[Stored entries]
------------------------------------------------

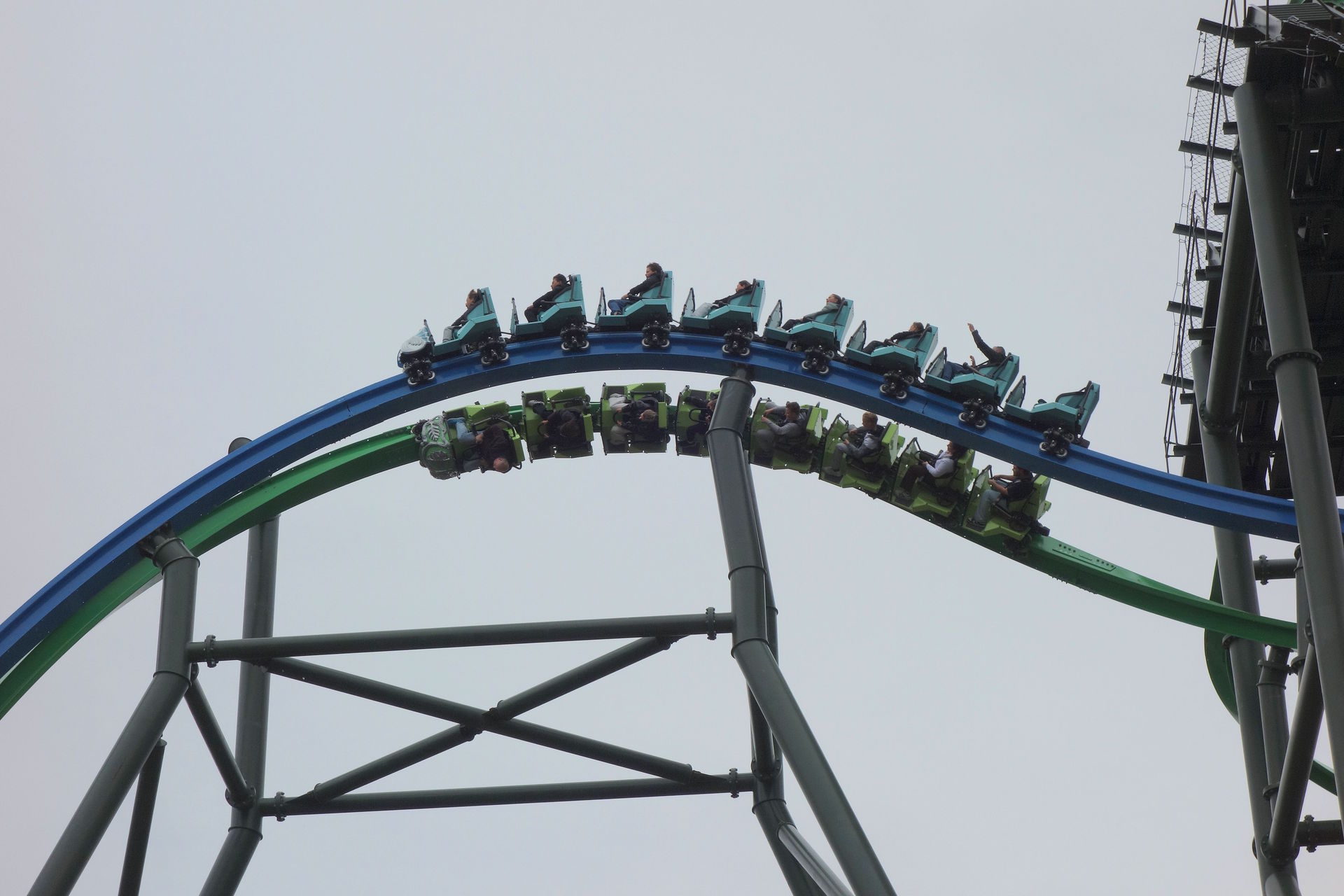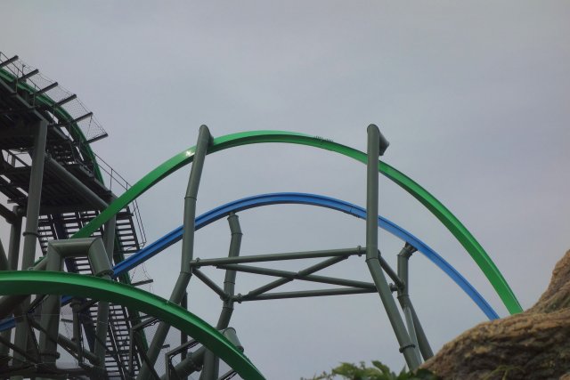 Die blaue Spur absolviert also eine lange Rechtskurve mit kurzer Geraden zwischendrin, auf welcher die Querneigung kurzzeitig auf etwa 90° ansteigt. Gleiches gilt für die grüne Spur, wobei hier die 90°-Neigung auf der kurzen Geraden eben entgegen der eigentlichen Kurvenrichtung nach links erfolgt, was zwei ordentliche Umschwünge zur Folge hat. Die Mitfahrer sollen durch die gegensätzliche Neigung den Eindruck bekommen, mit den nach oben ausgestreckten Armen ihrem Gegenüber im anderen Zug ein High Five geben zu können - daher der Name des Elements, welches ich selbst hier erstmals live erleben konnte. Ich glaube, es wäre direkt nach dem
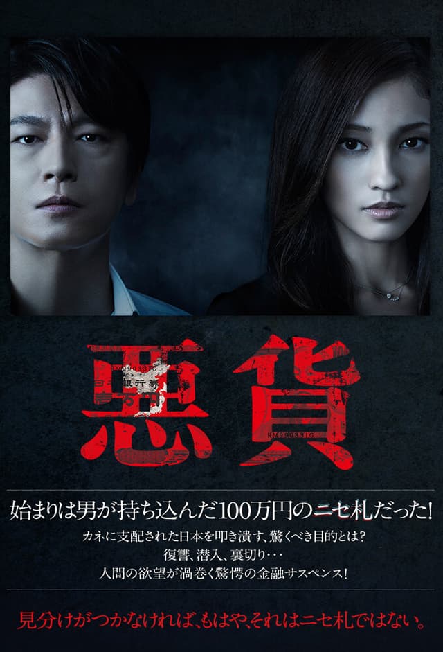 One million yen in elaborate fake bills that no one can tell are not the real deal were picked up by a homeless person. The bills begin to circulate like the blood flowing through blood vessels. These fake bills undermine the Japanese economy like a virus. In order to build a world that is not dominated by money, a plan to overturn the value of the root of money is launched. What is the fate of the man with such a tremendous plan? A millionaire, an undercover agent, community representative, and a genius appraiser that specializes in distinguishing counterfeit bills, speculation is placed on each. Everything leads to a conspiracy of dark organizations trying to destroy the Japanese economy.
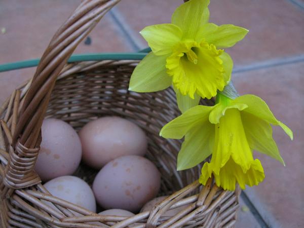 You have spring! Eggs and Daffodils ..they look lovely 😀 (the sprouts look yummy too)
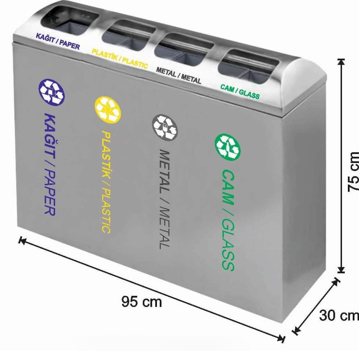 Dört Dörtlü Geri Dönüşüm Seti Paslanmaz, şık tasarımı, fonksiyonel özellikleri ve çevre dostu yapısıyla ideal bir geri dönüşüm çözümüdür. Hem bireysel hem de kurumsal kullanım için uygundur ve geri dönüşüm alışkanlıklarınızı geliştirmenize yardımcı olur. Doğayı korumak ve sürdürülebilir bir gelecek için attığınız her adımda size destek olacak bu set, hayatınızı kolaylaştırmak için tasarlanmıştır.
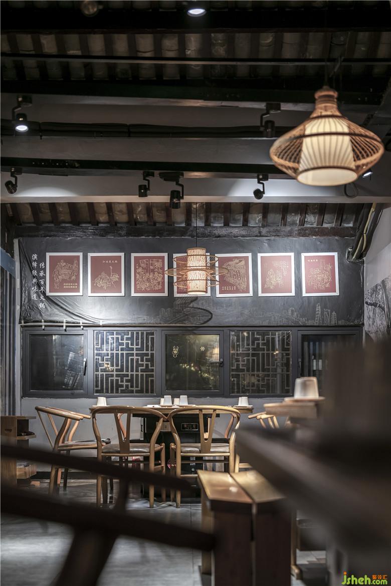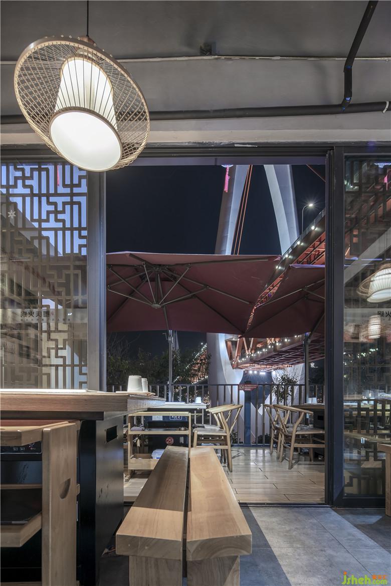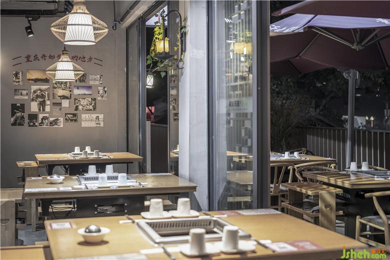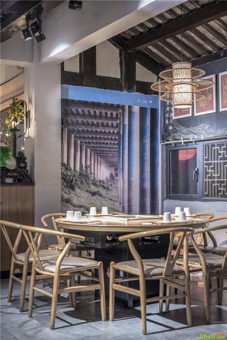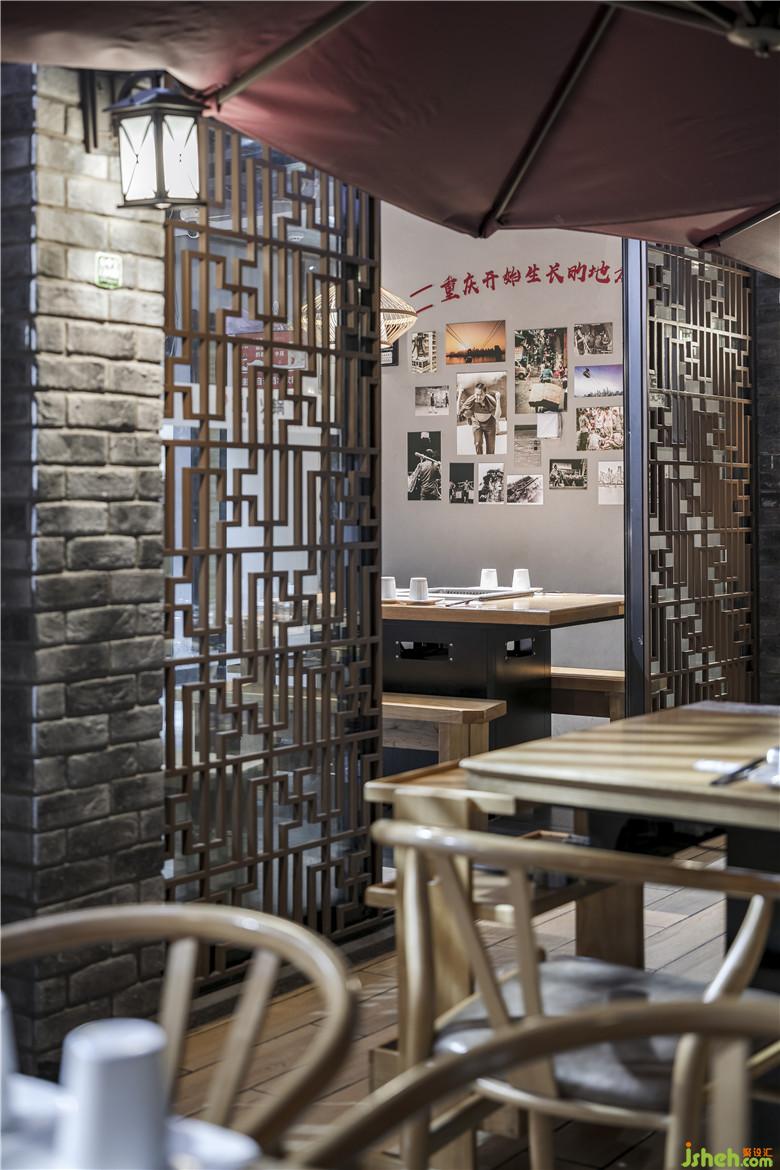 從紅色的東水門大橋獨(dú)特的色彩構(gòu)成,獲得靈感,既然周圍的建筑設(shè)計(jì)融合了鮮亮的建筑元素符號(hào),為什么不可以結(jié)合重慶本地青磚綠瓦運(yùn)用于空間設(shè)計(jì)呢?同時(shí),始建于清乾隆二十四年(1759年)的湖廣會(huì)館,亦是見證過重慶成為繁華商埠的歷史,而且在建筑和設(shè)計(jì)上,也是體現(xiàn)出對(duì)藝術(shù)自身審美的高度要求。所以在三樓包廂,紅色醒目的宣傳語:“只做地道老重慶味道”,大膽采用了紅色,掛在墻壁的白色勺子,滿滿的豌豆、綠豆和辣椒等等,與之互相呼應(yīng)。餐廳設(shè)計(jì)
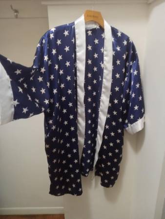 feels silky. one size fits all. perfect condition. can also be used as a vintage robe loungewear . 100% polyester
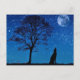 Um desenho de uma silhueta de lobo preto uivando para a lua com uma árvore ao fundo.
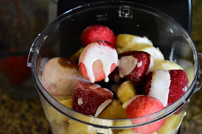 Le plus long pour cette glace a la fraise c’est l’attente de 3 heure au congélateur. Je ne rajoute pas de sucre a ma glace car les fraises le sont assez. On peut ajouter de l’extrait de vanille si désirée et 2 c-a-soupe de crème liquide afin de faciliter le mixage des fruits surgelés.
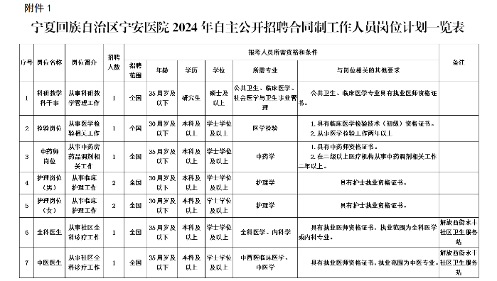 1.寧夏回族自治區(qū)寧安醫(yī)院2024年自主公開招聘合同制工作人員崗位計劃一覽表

------------------------------------------------

> _Your objective_
What the answer must hold is the exact text of every line from the one containing "feels silky. one" through the end of the data, minus any pictures.

> _Result of the exercise_
 feels silky. one size fits all. perfect condition. can also be used as a vintage robe loungewear . 100% polyester
 Um desenho de uma silhueta de lobo preto uivando para a lua com uma árvore ao fundo.
 Le plus long pour cette glace a la fraise c’est l’attente de 3 heure au congélateur. Je ne rajoute pas de sucre a ma glace car les fraises le sont assez. On peut ajouter de l’extrait de vanille si désirée et 2 c-a-soupe de crème liquide afin de faciliter le mixage des fruits surgelés.
 1.寧夏回族自治區(qū)寧安醫(yī)院2024年自主公開招聘合同制工作人員崗位計劃一覽表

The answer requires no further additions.